- Born: June 22, 1972 (age 54) Iraq
- Criminal status: Imprisoned
- Children: 7
- Convictions: War crimes, genocide
- Criminal penalty: 6 years in prison (war crimes); 12 years in prison (genocide);

= Lina Ishaq =

Swedish-Iraqi terrorist convicted of genocide in Syria

Lina Laina Ishaq (born June 22, 1972) is a Swedish-Iraqi terrorist convicted of war crimes and genocide in Syria. She was the first time a person in Scandinavia had been tried for such a crime.

==Biography==
Born in Iraq, Ishaq came to Sweden in 1973 as a child with her family, who settled in Halmstad. She grew up in a Christian family and attended high school at Sannarpsgymnasiet in Halmstad; she played football for Astrio in the Damallsvenskan. In the early 1990s she got a degree in nursing and worked at a children's hospital. In the mid-1990s, she met a Muslim man, Jiro Mehho, and converted to Islam to marry him. Mehho was Lebanese and had lived in Sweden since 1990. He and Ishaq had a nikah ceremony in 1996, and entered into a legal marriage the following year.

Mehho and Ishaq were reportedly part of a "cult-like" environment. He was an extremist associated with a group of violent Islamists and ran a website which called for jihad. The couple later divorced, but they remained in contact with each other. Between 1997 and 2013, the couple had six children together, three sons and three daughters.

Ishaq wore a burqa and had trouble finding work in Sweden as a result. In 2002, she and her children moved to the United Arab Emirates, where Ishaq supported them all as a teacher. In 2005, the family returned to Sweden for a summer break, and Ishaq met with Mehho and became pregnant. She returned to the UAE and taught school for another semester. In March 2006, she returned to Sweden to give birth to twins, then went back to the UAE and got a job at a kindergarten.
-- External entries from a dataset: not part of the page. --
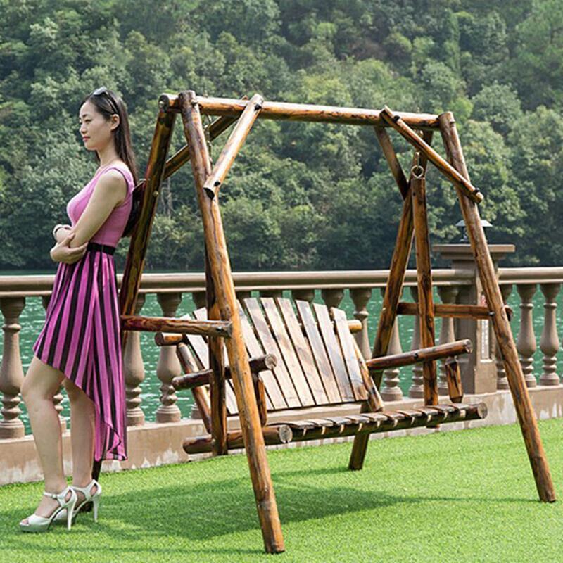 Outdoor Solid Wood Rocking Chair Carbonized Wood Swing Hanging Chair Park Courtyard Balcony Leisure Chair Double Table Chair Small Swing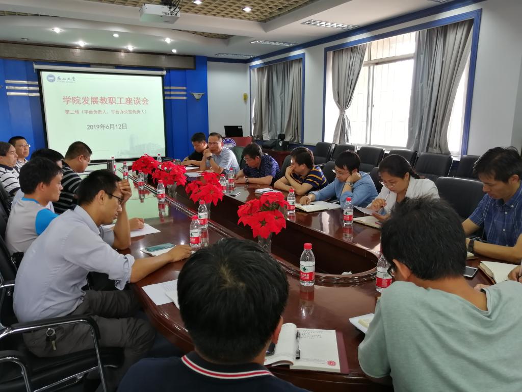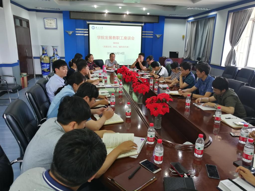 此前,6月11日至17日,为深入了解学院现状,共谋学院发展,学院分类组织召开了六场专题座谈会。每场座谈会都精心准备,充分交流,对准确把握学院现状、形成学院发展思路奠定了基础。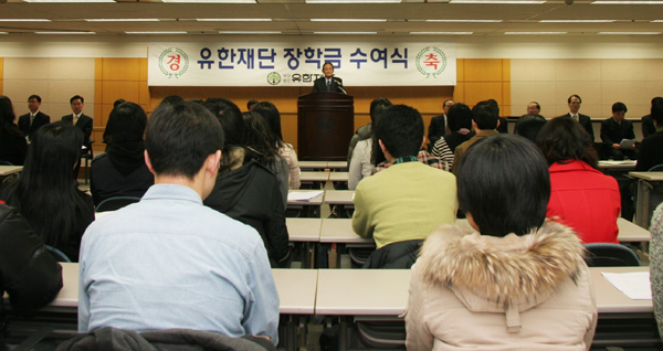 Áö³ 2¿ù 21ÀÏ ¿ÀÀü ´ë¹æµ¿ À¯ÇѾçÇà º»»ç ´ë°´ç¿¡¼ Â÷Áß±Ù À¯ÇѾçÇà »çÀå µî À¯ÇÑÀç´Ü °ü°èÀÚ¿Í ÀåÇÐ±Ý ¼öÇýÀÚµéÀÌ Âü¼®ÇÑ °¡¿îµ¥ 2008³â ¡®À¯ÇÑÀç´Ü ÀåÇÐ±Ý ¼ö¿©½Ä¡¯¿¡¼ ÇѹèÈ£ ÀÌ»çÀåÀº °¿ø´ëÇб³ ±èÀçÇö ±º µî 68¸íÀÇ ´ëÇлý¿¡°Ô 1Çб⠵î·Ï±ÝÀÎ 3¾ï 1õ¸¸¿øÀ» ÀåÇбÝÀ¸·Î ¼ö¿©Çß´Ù.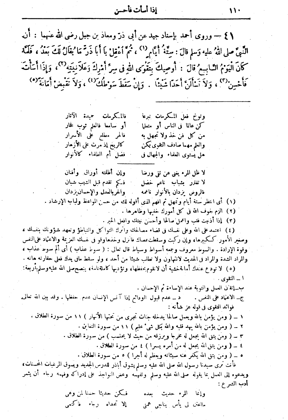 41 - وروى أحمد بإسناد جيد عن أبي ذرّ ومعاذ بن جبل رضي الله عنهما: أَنَّ النبيَّ صلى اللهُ عليه وسلم قالَ: سِتَّةُ أَيَّامٍ (¬1)، ثُمَّ اعْقِلْ يَا أَبَا ذَرٍّ مَا يُقَالَ لَكَ بَعْدُ، فَلَمَّا كَانَ الْيَوْمُ السَّابِعُ قالَ: أُوصِيكَ بِتَقْوَى اللهِ في سِرِّ أَمْرِكَ وَعَلانِيَتِه (¬2)، وَإِذَا أَسَأْتَ فَأَحْسِنْ (¬3)، وَلاَ تَسْأَلَنَّ أَحَداً شَيْئاً، وَإِنْ سَقَطَ سَوْطُكَ (¬4)، وَلاَ تَقْبِضْ أَمَانَةً (¬5).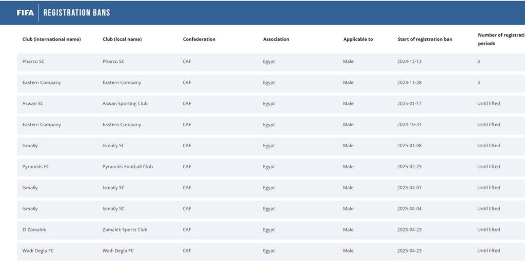 وكان ناديي الزمالك ووادي دجلة هما أحدث الأندية المصرية المنضمة إلى قائمة الممنوعين من القيد لدى الاتحاد الدولي لكرة القدم، والتي يتم تحديثها كل فترة حسب تطورات أزمات كل نادي.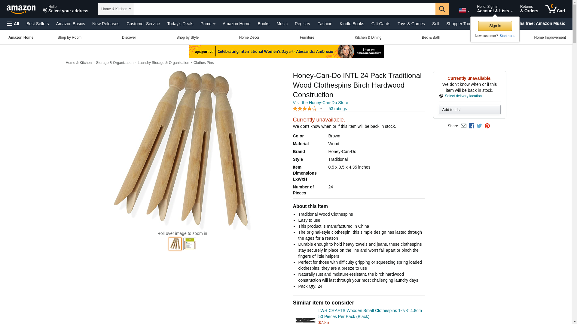 Honey-Can-Do INTL 24 Pack Traditional Wood Clothespins Birch Hardwood Construction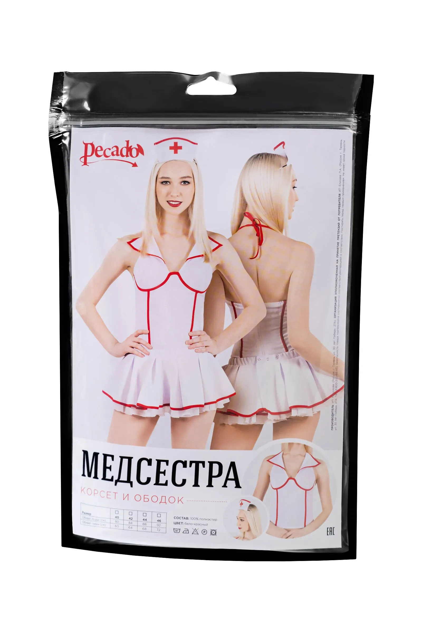 —Верхняя часть костюма «Медсестра», Pecado BDSM, корсет, головной убор, бело-красный, 42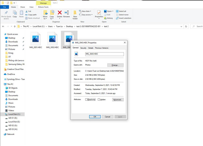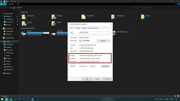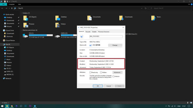 Ở đây, chúng ta sẽ xem qua thông tin tệp của tệp tin có tên "IMG_7610.HEIC". Có thể thấy được toàn bộ thông tin về tệp tin kể trên như ngày được tạo trên hệ thống, thời điểm chỉnh sửa cuối cùng và thời điểm truy cập cuối cùng.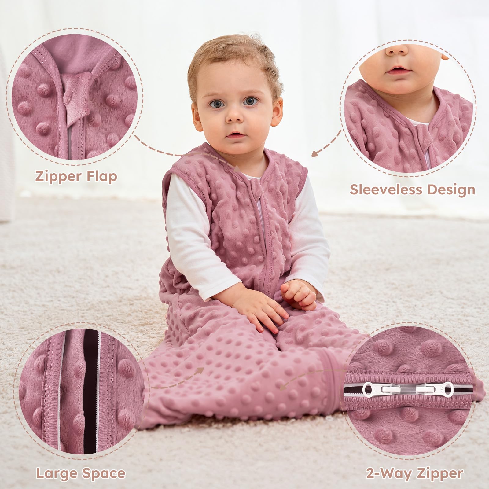 Healthy development - It's plush heart dots surface helps baby fall back to sleep quickly, transform the sleep sacks into an invaluable ally for moms, aiding in lulling their precious ones to sleep while fostering infants'cognitive development. Our baby sleeping sack provides ample room for kicking freely, ensuring your baby stays comfortable throughout the night while promoting healthy hip development.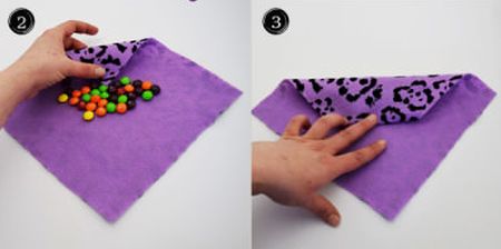 2- Risque no feltro um quadrado no tamanho que você desejar, depois recorte este quadrado de feltro e coloque as guloseimas escolhidas no meio do quadrado. Vire uma ponta do quadrado para dentro, em direção à guloseimas, e vire mais uma vez.
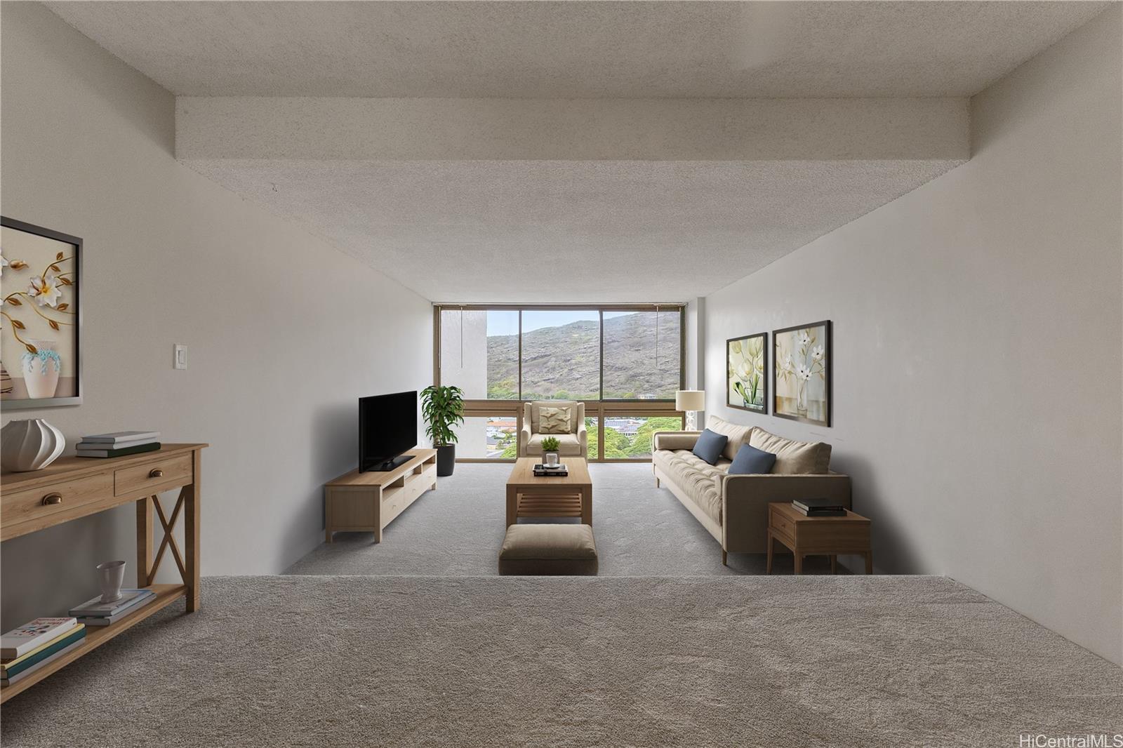 living space with peaceful mountain, city and ocean views. The home features brand-new carpet and comes with two parking stalls (one covered, one uncovered) plus a storage unit. Mauna Luan is known for its resort-style setting with two swimming pools, hot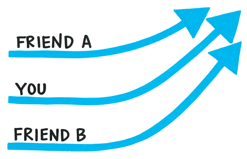 Use this diagram of arrows going the same direction and trending upward to visualize you and two core friends moving forward and upward as you get closer to Jesus and his maturing version of you in the future.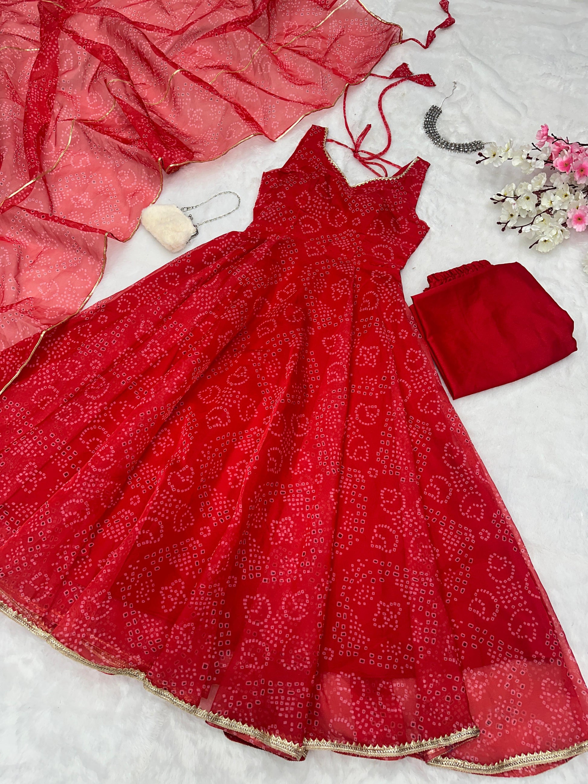 Digital Printed Organza Silk Anarkali Suit Set

In 2010, she moved with the children to England, where she taught at a Muslim school in Birmingham. In the summer of 2012, she got back together with Mehho in Egypt and became pregnant again, and they married again. Although Ishaq stayed in Egypt, her husband did not, due to visa issues; he was in Turkey and wanted the family to move there.

In late 2012, the couple's oldest child, fourteen-year-old Omar, went to join his father over the holidays and did not return; both he and his father wanted to stay, and they told Ishaq the family should move. In April 2013, Ishaq and the rest of the family went to Turkey, and were taken across the border to Syria and IS territory, where they lived with Mehho and Omar and Mehho's second wife. She was one of about 300 Swedish nationals to join IS, a quarter of whom were female. Ishaq would later say they traveled several hours by car and she was not paying attention to the road signs and didn't realize they were in Syria until they arrived at Mehho's house. In June 2013, Ishaq gave birth to another son. Mehho was killed in August 2013, during the storming of a military airport outside Aleppo.

By July 2014, the family had settled in Raqqa, IS's Syrian capital. Later that year, Ishaq married a high-ranking IS member who was Iraqi. She had a daughter by him, her seventh child. Her Iraqi husband later died. Between 2017 and 2019, as the IS caliphate began to collapse, Ishaq stayed in various locations in Syria. In February 2019, she fled IS's last piece of territory at Baghuz with her surviving children and they were taken to the Al-Hawl refugee camp, where they registered under Syrian names and didn't say they were Swedish citizens. They later escaped from Al-Hawl and smuggled themselves into Turkey. Ishaq, her youngest daughter and one of her twins were deported to Sweden in 2020. The other two daughters are believed to still be in Syria.

==War crimes and genocide charges==
In 2022, Ishaq was convicted of war crimes and sentenced to six years in prison for failing to prevent her son Joan from being recruited as a child soldier at the age of twelve. Between August 2013 and May 2016, he took part in the hostilities, and he and his brother Omar appeared in IS propaganda photographs. Omar was killed in battle at the end of 2016, and Joan was killed in combat at age sixteen in 2017. Ishaq's youngest son died at home in an accident that same year.

In January 2024, she was sentenced by the District Court to six years in prison for war crimes and genocide. According to the indictment, Ishaq kept six Yazidi children and three women as slaves in her home in Raqqa for up to seven months between August 2014 and December 2016.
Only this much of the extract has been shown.